Representative clinicopathological features of mastocytosis. Cutaneous mastocytosis is subcategorized as maculopapular cutaneous mastocytosis (MPCM), also known as urticaria pigmentosa or diffuse cutaneous mastocytosis (DCM), and mastocytoma of the skin. MPCM is the most common presentation of CM with hyperpigmented nodules, papules, or macules distributed randomly, and appearing most commonly on the trunk.
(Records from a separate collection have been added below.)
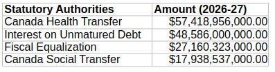 Depending on how you look at it, the four largest federal government spending items will, together, total around $150 billion in the 2026-27 fiscal year. Here they are:
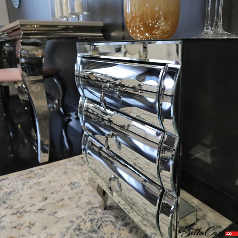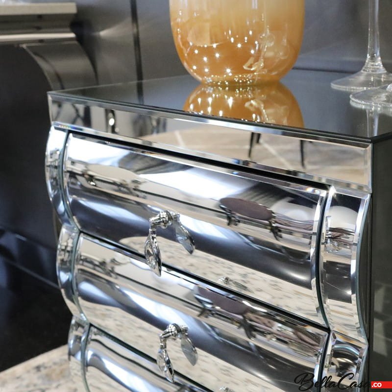 Szklana szafka nocna Milano to mebel, który swoim wyjątkowym designem odmieni każde wnętrze, podkreślając jego wyjątkowy charakter. Sprawdzi się szczególnie jako niesamowicie gustowny, a zarazem bardzo funkcjonalny dodatek do luksusowej sypialni urządzonej w stylu glamour. Szafka nocna Milano to prawdziwa definicja luksusu i elegancji. Mebel ten przyciąga spojrzenia swoim nietuzinkowym wyglądem. Gięte nóżki szafki zostały wykonane z najwyższej jakości stali nierdzewnej polerowanej. Górna część pokryta jest gładkimi taflami szkła lustrzanego, które pięknie połyskują w świetle, tworząc wyjątkowy i niezwykle przytulny klimat. Szafka posiada kilka szuflad z ozdobnymi uchwytami.
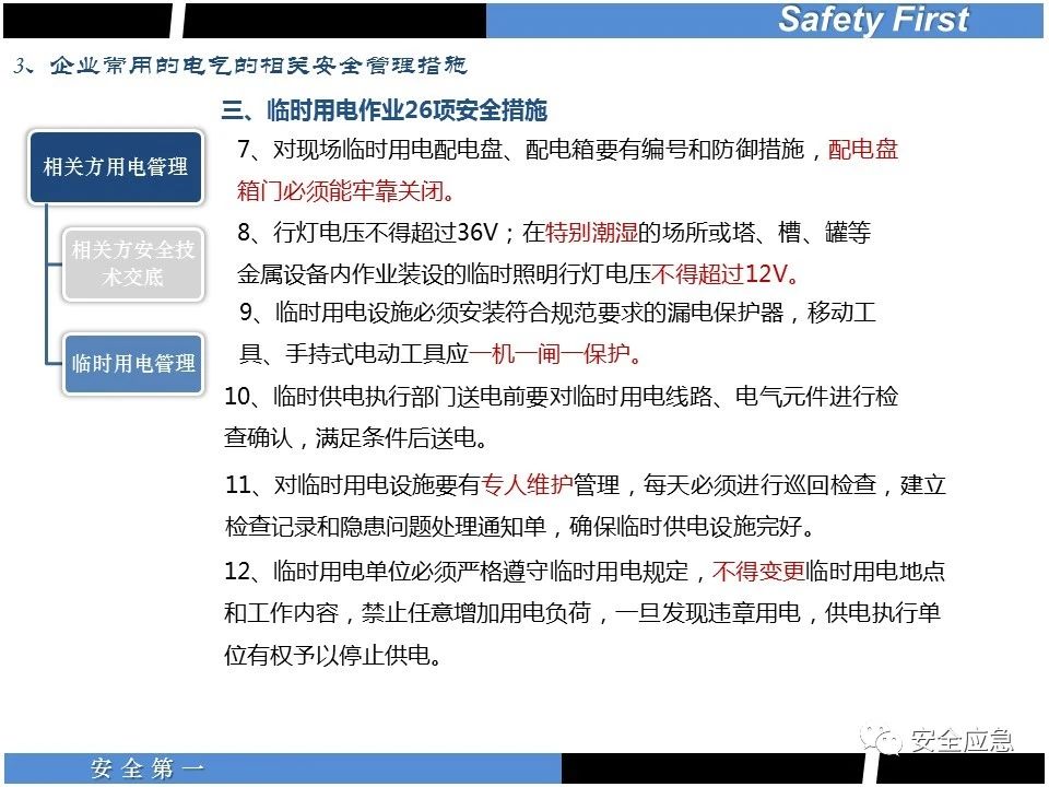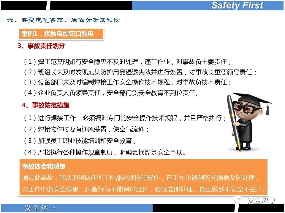 案例73 事故案例73:某35變電站準(zhǔn)備10kV避雷器試驗(yàn)。作業(yè)人員會(huì)同運(yùn)行人員準(zhǔn)備查看設(shè)備實(shí)際情況,拆卸10kV開關(guān)柜背板螺栓,打開了柜門上的電磁鎖,并打開了后柜門后,作業(yè)人員探頭進(jìn)入開關(guān)柜內(nèi)時(shí),對(duì)開關(guān)柜放電。 其它案例見17、18、19、20、21、22、23、50、52。 (27)多組人員組織混亂 案例74 事故案例74:某單位開展500kV線路停電檢修和地線融冰試驗(yàn)。1名工作人員不聽他人勸阻,登塔拆除引流線。隨后開展地線融冰試驗(yàn),該工作人員觸電死亡。 其它案例見45、46、47、48。 (28)交底不認(rèn)真 案例75 事故案例75:某工作負(fù)責(zé)人帶領(lǐng)兩名工作人員準(zhǔn)備在10kV線路裝設(shè)接地線。工作前,工作負(fù)責(zé)人沒有進(jìn)行班前(后)會(huì),沒有分配工作任務(wù),也沒有交代安全注意事項(xiàng),另外兩人也沒有主動(dòng)詢問,相互提醒,導(dǎo)致工作負(fù)責(zé)人無(wú)監(jiān)護(hù)誤登運(yùn)行線路,造成觸電。 其它案例見32。 (29)監(jiān)護(hù)不到位 l 單人工作無(wú)監(jiān)護(hù) 事故案例:36。 l 監(jiān)護(hù)人參與工作 事故案例:11。 l 監(jiān)護(hù)不認(rèn)真,或默許違章行為 事故案例:67。 (30)人員、工作安排不恰當(dāng) 案例76 事故案例76:某供電所安排不具備單獨(dú)工作資格和能力的新入廠員工上桿進(jìn)行配變?cè)O(shè)備搶修工作,由于安全距離不夠,員工經(jīng)驗(yàn)不足,監(jiān)護(hù)不到位,導(dǎo)致觸電。 案例77 事故案例77:某高壓試驗(yàn)班開展定檢預(yù)試作業(yè)。工作負(fù)責(zé)人與工作人員在抄錄放電計(jì)數(shù)器銘牌,另一名剛參加工作不久的工作人員拿著自制試驗(yàn)線插入移動(dòng)電源盤插座內(nèi),然后,用左、右手分別拿住兩個(gè)鱷魚夾準(zhǔn)備對(duì)放電器搭接做試驗(yàn),左、右手習(xí)慣性的分別握住了兩個(gè)鱷魚夾的導(dǎo)體部分,此時(shí)電流通過人體,漏電保護(hù)器沒有動(dòng)作,觸電死亡。 (31)單人作業(yè) l 野外單人巡線、勘察 案例78 事故案例78:某單位開展線路巡視時(shí),單人作業(yè),在被告知“巡視完N58塔后切勿過江,要沿原路返回”的情況下,仍然獨(dú)自一人違規(guī)游泳過江,溺水身亡。 案例79 事故案例79:某單位野外勘察時(shí),某工作人員在未告知工作負(fù)責(zé)人的情況下,獨(dú)自一人返回車輛所在地,途中墜落懸崖暈倒,受輕傷并失蹤12小時(shí)。 附件:最全面的電氣安全培訓(xùn),實(shí)用!

The figure shows representative atypical mast cells, mast cell aggregates in the bone marrow (CD117 and tryptase staining), and CD25+ atypical mast cells on flow cytometry of bone marrow aspirate.

Figure 4

Criteria for diagnosis of mast cell activating syndrome (please refer to text for description). A = clinical criterion, B = laboratory criterion, C = treatment criterion. All three criteria need to be satisfied to confirm a diagnosis of mast cell activation syndrome (MCAS). The presence of clonality (KIT D816V mutation or surface expression of CD2 or CD25 clonal markers) would suggest a diagnosis of clonal (primary) mast cell activating syndrome also referred to as the monoclonal mast cell activation syndrome (MMAS). * Tryptase (total tryptase) is usually used as a surrogate marker for mast cell activation. PG = prostaglandin, LT-leukotriene, MCA = mast cell activation. bST = basal serum tryptase.